ONU cobra Israel por apoio humanitário aos civis de Gaza
A Corte Internacional de Justiça, braço das Organização das Nações Unidas (ONU), destacou na quarta-feira 22, que Israel precisa garantir atendimento às necessidades básicas dos civis palestinos em Gaza.
O parecer atende a um pedido da ONU para esclarecer atribuições de Tel Aviv perante organismos internacionais e estipula que Israel não pode recorrer à fome como “método de guerra”, devendo colaborar com operações humanitárias, incluindo aquelas coordenadas pela Agência das Nações Unidas de Assistência aos Refugiados da Palestina no Próximo Oriente.
Segundo o escritório humanitário da ONU, cerca de 45% das 8 mil missões de socorro solicitadas para Gaza desde 2023 foram barradas ou negadas por Israel. Esse cenário se intensifica diante da crise humanitária provocada pelos confrontos armados e pela instabilidade do cessar-fogo patrocinado pelos Estados Unidos.
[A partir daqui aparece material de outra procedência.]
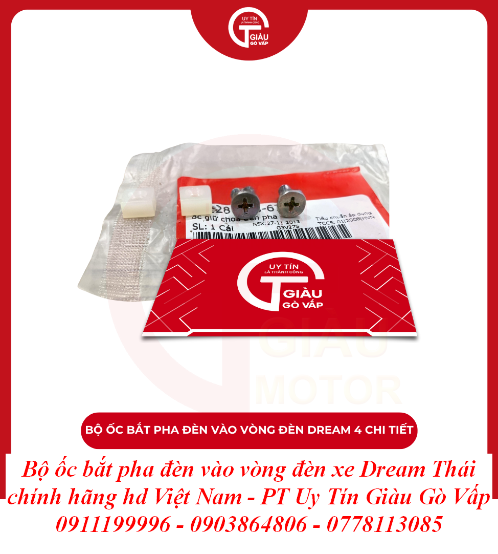 Trong quá trình phục dựng và chăm sóc chiếc xe huyền thoại Dream Thái, hệ thống chiếu sáng không chỉ cần độ sáng mà còn cần sự chắc chắn tuyệt đối. Bộ Ốc Bắt Pha Đèn Vào Vòng Đèn là chi tiết kỹ thuật nhỏ nhưng cực kỳ quan trọng, có nhiệm vụ liên kết chặt chẽ phần choá đèn (pha đèn) với vòng inox (vòng đèn). Một bộ ốc chuẩn chính hãng sẽ giúp cụm đèn trước luôn im ru, không rung rè và giữ cho "đôi mắt" của xế yêu luôn tinh anh, sang trọng.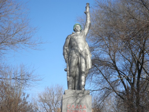 А это памятник Воинам-шахтёрам,в одной руке солдат держит папашу,а в другой,высоко над головой-шахтёрскую лампу.На сайте города он учтён (как не нужный),а фотографию что то не найти.Да и памятник интересный,думаю именно такого нигде нет,только маляр хреновый был......каска зелёная а памятник серебряный......(хотя всё логично,памятники должны быть все серебряные а каски зелёные и не в коем случае нельзя нарушать эту гармонию )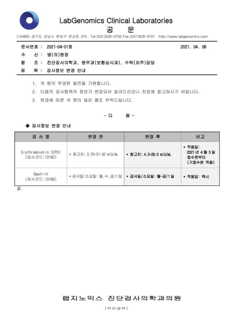 [공문] Erythropoietin (EPO) 외 1항목 검사정보변경안내 슈퍼관리자 2021-04-06 09:00:00 슈퍼관리자 0 578 2021.04.06 09:00 2025.03.21 13:09 공문2021-04-01호 Erythropoietin EPO 외 1건 검사정보변경안내 20210406.pdf (90.2K) 1. 귀 원의 무궁한 발전을 기원합니다. 검사정보 변경이 있어 다음과 같이 알려드리오니 업무에 참고하시기 바랍니다. 2. 주요내용: - Erythropoietin (EPO) (검사코드:13162) : 참고치 변경안내 * 적용일시: 2021년 4월 5일 접수분부터(기접수분 적용) - Gastrin (검사코드:13166) : 검사일/소요일 변경안내 * 적용일시: 즉시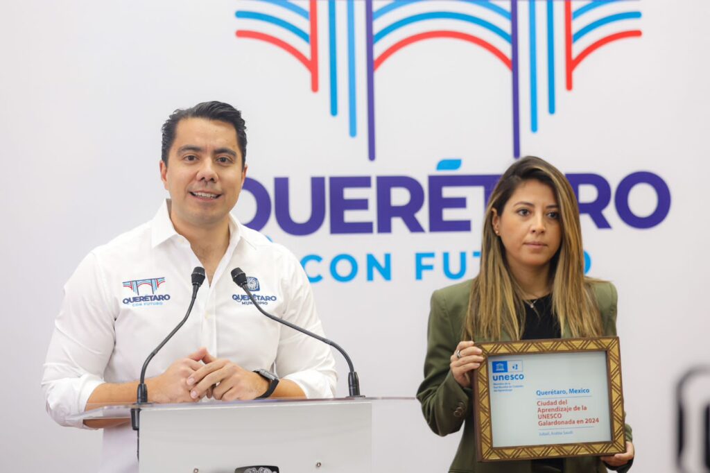 El presidente municipal, Felifer Macías, anunció que Querétaro fue reconocido con el premio UNESCO Ciudad del Aprendizaje 2024, entregado durante la Sexta Conferencia Internacional sobre Ciudades del Aprendizaje en Arabia Saudita, donde resalta el compromiso del municipio con la promoción de un aprendizaje inclusivo y la creación de oportunidades educativas para todas y todos los queretanos.

Pelo acordo de paz, está prevista a entrada diária de 600 caminhões com suprimentos em Gaza, onde grande parte dos 2 milhões de habitantes se encontra desalojada. Israel já acusou o grupo terrorista Hamas de desviar parte dessa ajuda e justifica as restrições como forma de pressão sobre a facção.
“Nós controlamos nossa própria segurança e deixamos claro às forças internacionais que Israel decidirá quais forças são inaceitáveis para nós — e é assim que agimos e continuaremos a agir”, tratou o primeiro-ministro israelense no início da reunião de gabinete, neste domingo, 26.